Connecting People with Nature

Another Symbol of the Wilderness in Peril

By Naturalist William Hudson

The dictionary defines the word synergy as "The interaction of two or more agents or forces so that their combined effect is greater than the sum of their individual effects."

In Nature, synergy is usually a good thing, and the world is full of fascinating synergistic relationships that make up the threads of every healthy ecosystem. Unfortunately, negative synergies are also possible, particularly when a number of human-caused insults to an ecosystem combine to make a bad situation worse.
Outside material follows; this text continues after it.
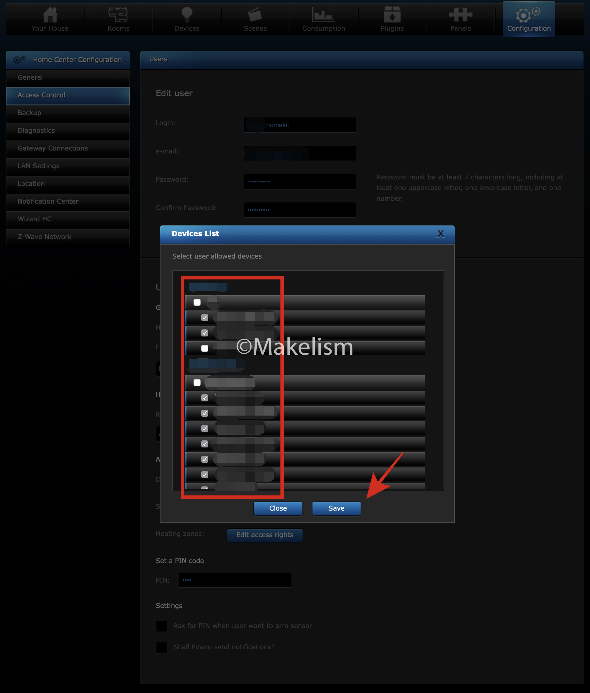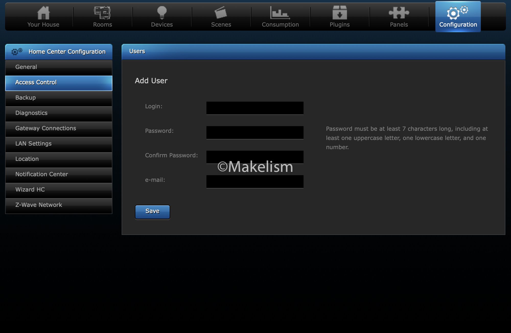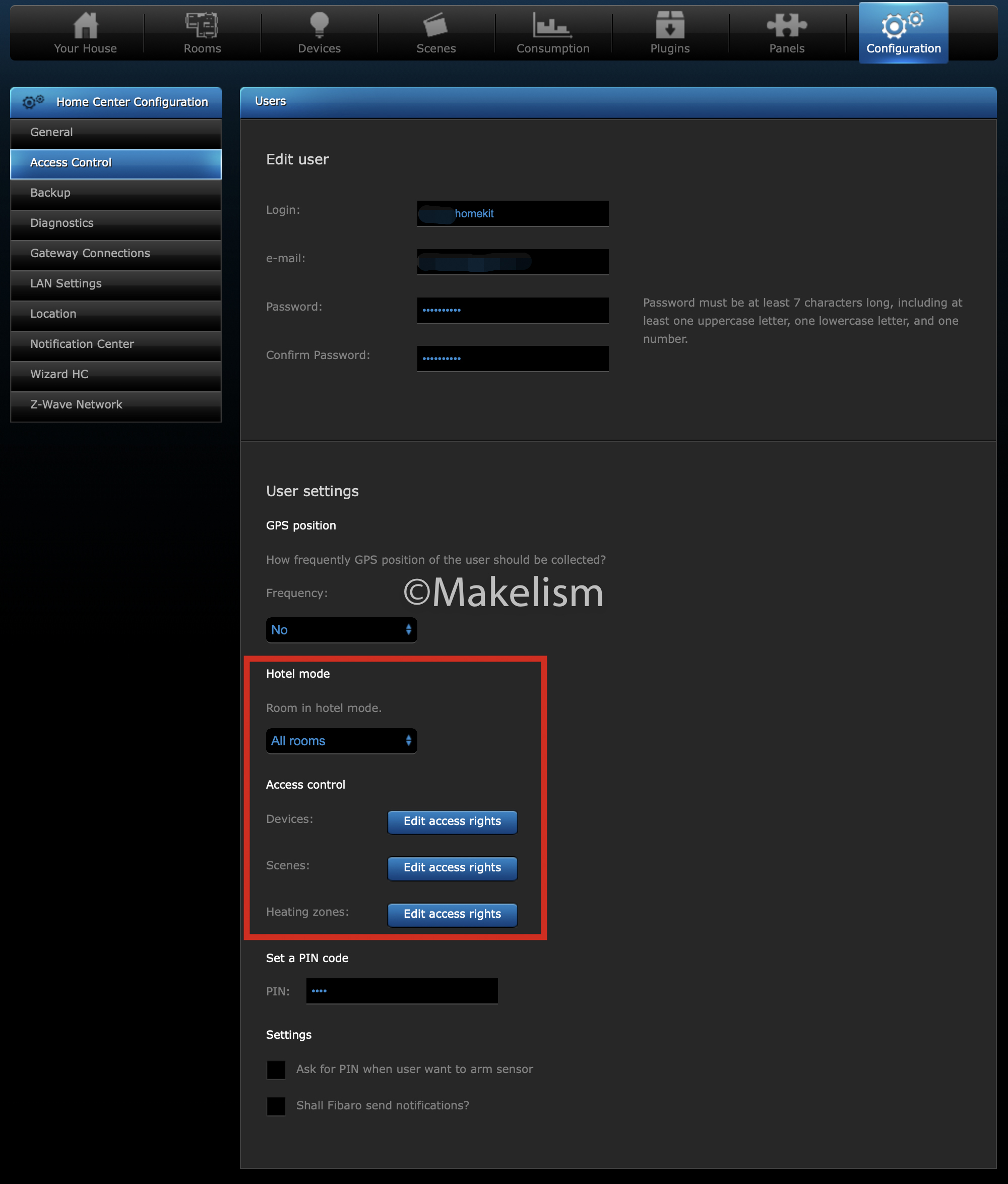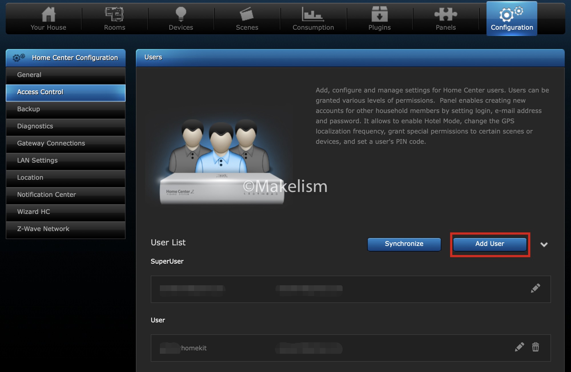 'Home Center - Configuration - Access Control'로 이동해서.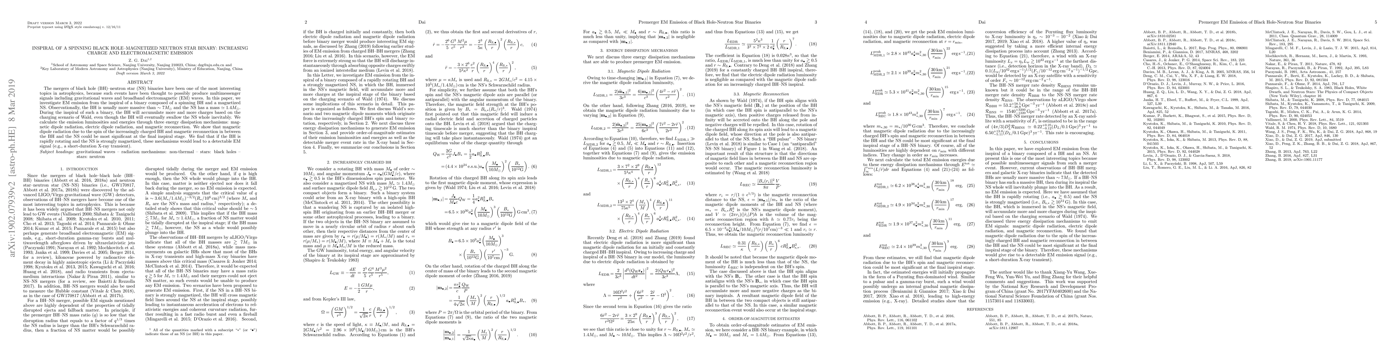 This paper investigates electromagnetic emissions during the inspiral of a spinning black hole and magnetized neutron star binary, focusing on charge accumulation and energy dissipation mechanisms. It finds that magnetic dipole radiation and magnetic reconnection could produce significant electromagnetic signals detectable as short-duration X-ray transients.

The tragic die-offs of thousands of loons and other diving birds along our Great Lakes shorelines over the last several years are an alarming example of this phenomenon.

Loon die-offs human-caused

In a recently released report, the NYDEC estimated that since the year 2000, over 50,000 fish-eating birds in the New York waters of Lakes Erie and Ontario, many of them loons, have suffered from the horrible slow death of botulinum poisoning. Botulism is a neurotoxin-induced muscle paralysis caused by Clostridium botulinum, a naturally occurring bacterium involved in the decay of plants and animals. Although there are at least seven types of Clostridium botulinum bacteria, each requires a rich nutrient source and a lack of oxygen to proliferate. Type-C botulism has been known for many years to cause occasional die-offs of puddle ducks in warm, overly fertile ponds or wetlands, and Type-E has caused small, sporadic die-offs of fish-eating birds, primarily in the Great Lakes. In recent years, however, something has changed. Outbreaks of Type-E poisoning have been much more common and widespread, occurring in each of the last six years and involving many more birds. Although the exact mechanism is poorly understood and not well-researched, it appears that a combination of man-caused phenomena is responsible for this alarming epizootic.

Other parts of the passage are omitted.